August 7, 1998, dawned bright and still. In the Dyna truck sat Jihad Mohammed Ali, also known as Azzam, and beside him, Mohammed al-Owhali, dressed in jeans, a white shirt, and a jacket concealing four stun grenades and a Beretta pistol.

1998 bomb blast

A file photo taken on August 8, 1998 shows police workers removing the remains of the car-bomb used to destroy the US embassy in Nairobi, that killed 280 Kenyans and 12 Americans.

Photo credit: Alexander Joe | AFP

Trailing them in a smaller pickup was Fazul—the architect, “the ghost”, the man who would disappear after this day. As the Dyna approached the US Embassy, Al-Owhali stepped out to frighten the gate guard. But he had left his pistol in the truck. In confusion, he threw a grenade. The guard fled. The barrier stayed down.

Azzam drove the truck forward. Al-Owhali escaped. Azzam did not.

At 10:30am, the bomb exploded. The blast cratered the street, shattered windows across several blocks, and collapsed a nearby building, burying dozens alive.

Al-Owhali was injured but alive. He sought treatment at a local clinic, posing as Khalid Salim, then tried to flee the country. At his hotel, he tossed the remaining bullets and grenade pieces into a window ledge. But it was too late. He was captured within five days.

Odeh, flying through Karachi, was stopped at immigration for having a freshly shaven face that didn’t match his passport photo. When asked; “Are you a terrorist fleeing Nairobi?” He panicked. That was the break.
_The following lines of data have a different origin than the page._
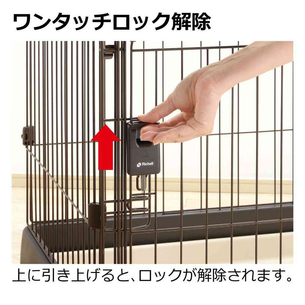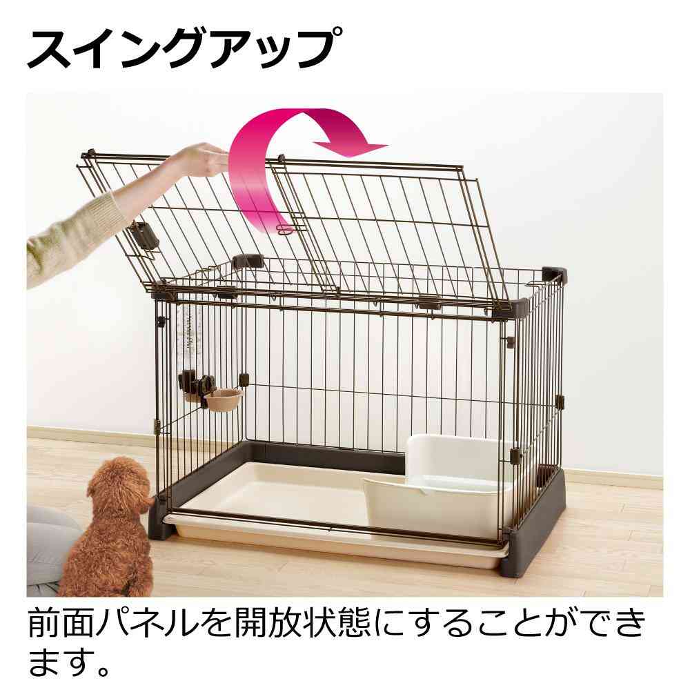 ・前面パネルをスイングアップして、開放状態にすることができ、サークル内の物の出し入れがしやすく、ラクにお掃除できます。 ・本体を移動させずに、トレーのお手入れができます。(前面パネル開放時) ・適応体重:8kg以下 ・適応種:超小型犬、小型犬
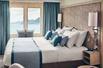 PUBLIC AREAS: Observation lounge with bar, three dining areas, gym, wellness area, infinity-style outdoor hot tubs, library, main lounge with full service bar, 24-hour beverage, state-of-the-art facilities for films, slideshows and presentations, and a photo workshop area; plus, an expedition base with lockers for expedition gear, and an “open Bridge” for access to our captain, officers and the art of navigation.
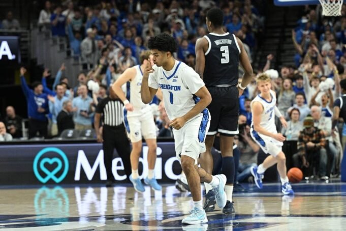 2026. január 13.; Omaha, Nebraska, USA; A Creighton Bluejays gárdája, Austin Swartz (1) reagál a Georgetown Hoyas elleni hárompontos kosara után az első félidőben a CHI Health Center Omaha-ban. Kötelező forrás: Steven Branscombe-Imagen Images
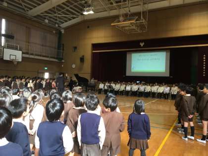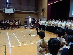 みんなの元気な「さんぽ」に合わせて入場したコーラスグループのみなさん。まずは全児童で「YUME日和」を、5・6年生で「COSMOS」を披露しました。楽しそうに大きな声で歌う子どもたちに、コーラスグループのみなさんはとても感動されていました。高学年の合唱も上手!とほめてくださいました。
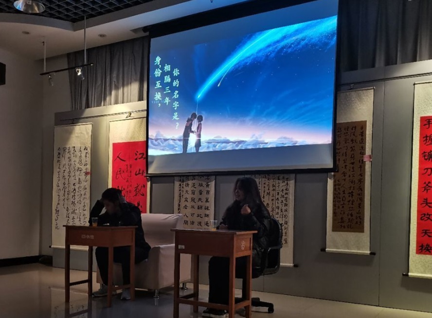 活动在两名同学表演《你的名字。》同名影片中的经典片段拉开序幕。两位同学惟妙惟肖的表演,引来阵阵掌声。伴着优美的电影插曲和灯光投影,主持人郑一鸣、何妙娟两位同学介绍了《你的名字。》主要内容,并播放了电影中的经典片段。

El Haji was arrested in Texas. Odeh and Al-Owhali were tried in the US and sentenced to life. Fazul escaped—for a time. In 2011, he was killed by Somali forces during a raid in Mogadishu.

House Number 43 in Runda is just another villa again. Perhaps a diplomat lives there now. Or a family with school-age children and a Labrador. The sun still hits the garage in the morning.

But the walls remember.

They remember the whispers in Arabic and Swahili. The glow of soldering tools. The ticking of stopwatches. They remember a man named Fazul, who mixed explosives in silence while his toddler played in the next room.

They remember the day death drove out of the driveway – and changed Kenya forever.